Whereas Boost URL allows the user to specify the intended semantics

 - parse_uri("localhost:5555") gives {scheme="localhost", path="5555"}
 - parse_relative_reference("localhost:5555") gives an error (leftover)
 - the RFC specifies[1] how to fix the input to allow `:` to appear in the
   first elements of a relative-path reference:
    parse_relative_reference("./localhost:5555") gives {path="./localhost:5555"}

I do feel that `pct_encoded_view` is an unfortunate choice for a view that
actively decodes URL-encoded characters. I'd prefer `pct_decode_view` or
`pct_decoding_view`. Views names should probably describe the semantics of the
view itself, not what kind of underlying sequence is being adapted/transformed.

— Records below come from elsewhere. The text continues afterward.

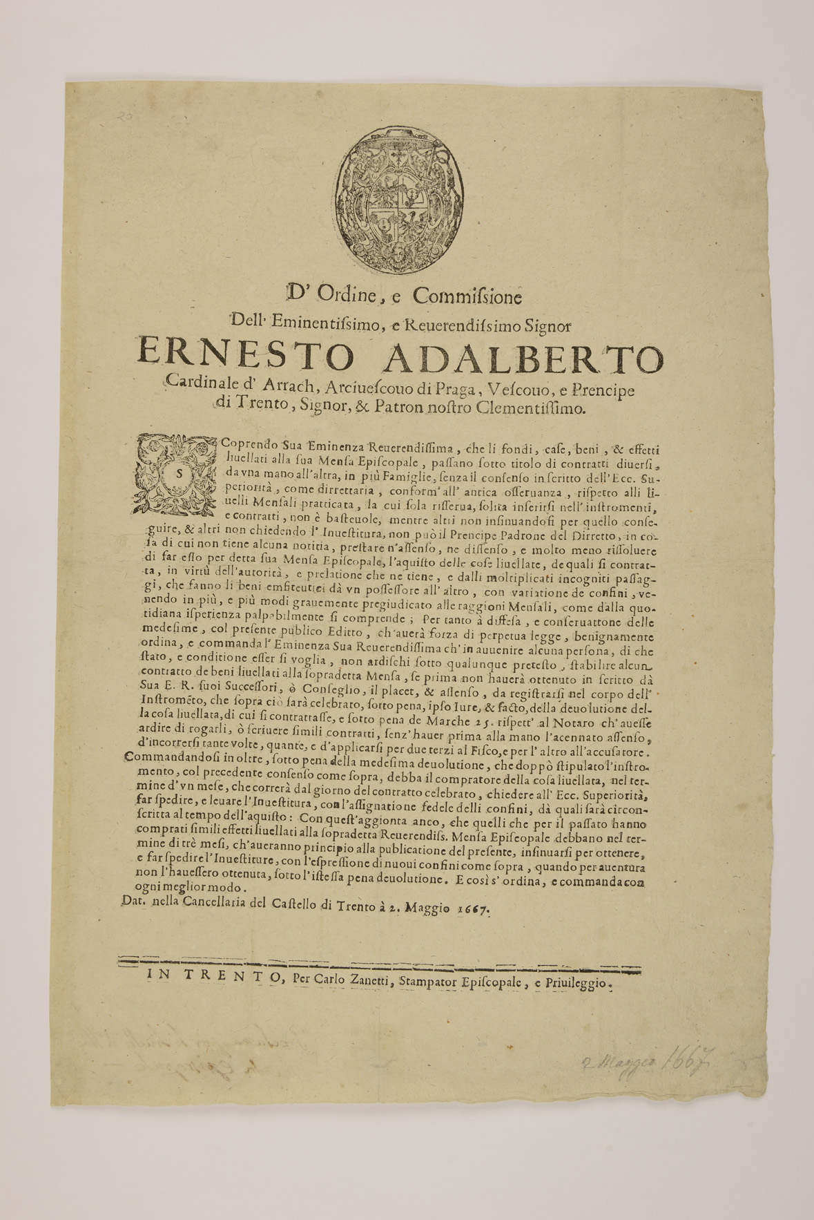 Proclama sui beni della mensa vescovile emanato il 2 maggio 1667 da Ernesto Adalberto Harrach, principe-vescovo di Trento
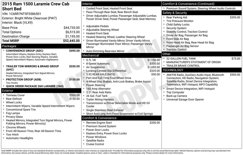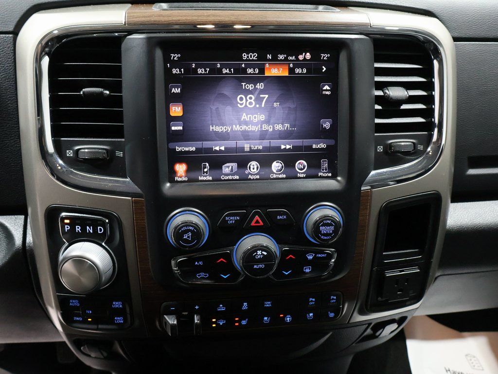 This Ram 1500 is well equipped and includes these key features and benefits, Heated and Cooled Seats, Navigation System, Touchscreen Controls, Backup Camera, Automatic Headlights, Bluetooth Handsfree, AWD / 4x4 / Four Wheel, Auto High Beam Headlamp Control, Convenience Group, Fully automatic headlights, GPS Navigation, Heated Front Seats, Keyless Enter-N-Go, Power Chrome Trailer Tow Mirrors, Protection Group, Quick Order Package 26H Laramie, Rain Sensitive Windshield Wipers, Remote Proximity Keyless Entry, Tow Hooks, Trailer Brake Control, Trailer Tow Mirrors, Trailer Tow Mirrors & Brake Group, Ventilated Front Seats.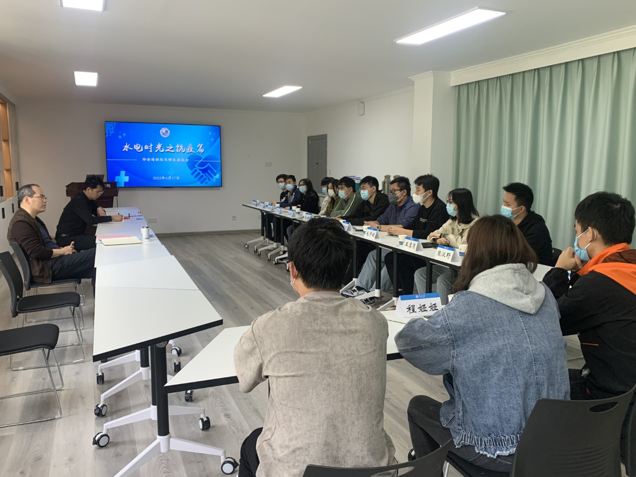 师生座谈会前,郑金海副董事长与公司班子成员座谈,强调了公司疫情防控的纪律要求,听取了公司疫情防控、员工教育管理及就业工作的情况汇报。(文/汪心玥,图/汪心玥)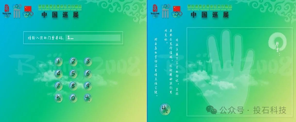 北京奧運會期間,海內(nèi)外無數(shù)游客被吸引到北京,他們幾乎都想為自己的北京奧運之行留下些什么??吹饺绱司蘖康男枨?,投石科技的技術(shù)團隊琢磨出了一個把觀眾的掌印和北京奧運會標(biāo)志打印在一張紀(jì)念卡上的裝置。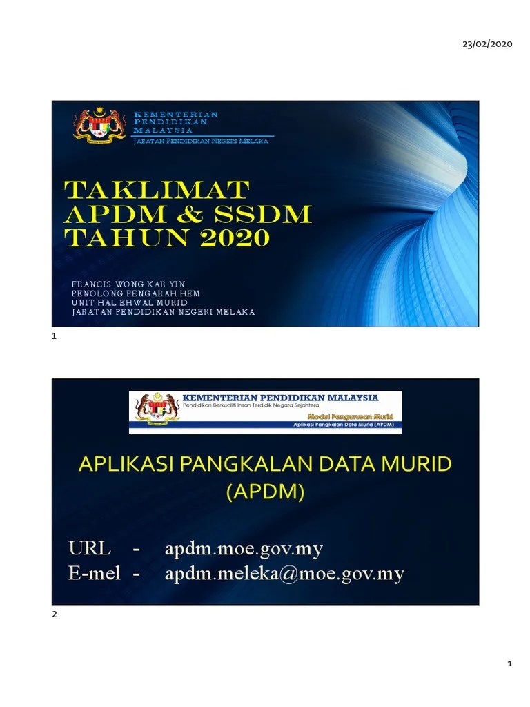 Apdm atau nama penuhnya aplikasi pangkalan data murid merupakan laman web yang sering dibuka oleh guru. Laman ini diwujudkan sebagai saluran maklumat dan tempat perbincangan berkenaan system apdm. Dual language programme (dlp) kursus dalam talian untuk guru bahasa melayu, sains dan matematik. Aplikasi pangkalan data murid iaitu apdm merupakan satu aplikasi atas talian yang diwujudkan oleh kementerian pendidikan malaysia (kpm) yang bertujuan sebagai satu sistem untuk mengisi dan menyimpan maklumat berkenaan murid. Aplikasi pangkalan data murid (apdm) merupakan sebuah servis atas talian yang membenarkan pengguna android untuk akses masuk dan membuat semakan data.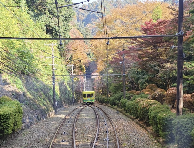 下山はケーブルカーで。鮫島さんにチケットを買っていただき、しかも偶然にも1番前の席に案内されたおかげで、美しい景色を堪能しながら降りることができました。
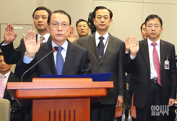 28일, 서울 여의도 국회에서 열린 국회 운영위 국정감사에서 증인으로 출석한 김기춘 대통령 비서실장과 관계자들이 성실한 답변을 하겠다며 선서를 하고 있다.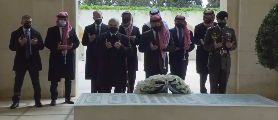 وزار جلالة الملك، يرافقه ولي العهد والأمير حسن بن طلال والأمير فيصل بن الحسين والأمير علي بن الحسين والأمير حمزة بن الحسين والأمير هاشم بن الحسين والأمير راشد بن الحسن والأمير رعد بن زيد والأمير غازي بن محمد والأمير طلال بن محمد، الأضرحة الملكية بمناسبة مئوية الدولة.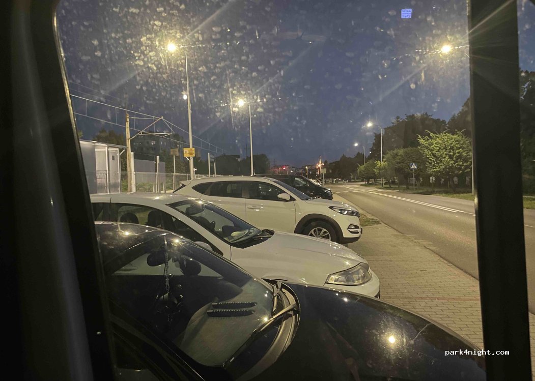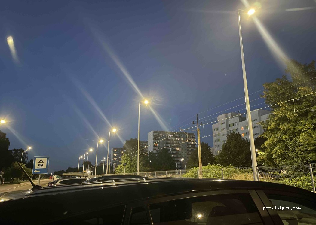 Das Parken ist kostenlos, aber direkt neben der Straße und hinter Ihnen fährt ein Zug. Auf der anderen Straßenseite befindet sich ein Campingplatz.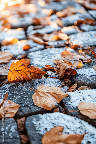 Autumn leaves nestled in cobblestones with a soft layer of first snow—capturing the poetic transition between seasons in warm golden hour light.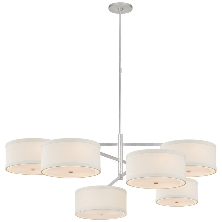 Walker Grande Offset Chandelier in Burnished Silver Leaf with Linen Shades Open Box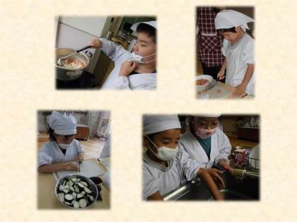 普段苦手な夏野菜も,自分たちで料理を作ると味は格別のようです。いつもより旺盛な食欲に,驚いた給食時間でした。

I found `resolve` a bit mystifying. While I appreciate the docs not trying to
duplicate the RFC specifying what the operation means, I think it will be a big
help to have inspirational examples, like example one that I came up with a
while ago:

    boost::url make_url(boost::url_view base_api, boost::url_view method) {
        assert(!method.is_path_absolute());
        assert(base_api.data()[base_api.size() - 1] == '/');

        boost::urls::error_code ec;
        boost::url url;
        resolve(base_api, method, url, ec);
        if (ec)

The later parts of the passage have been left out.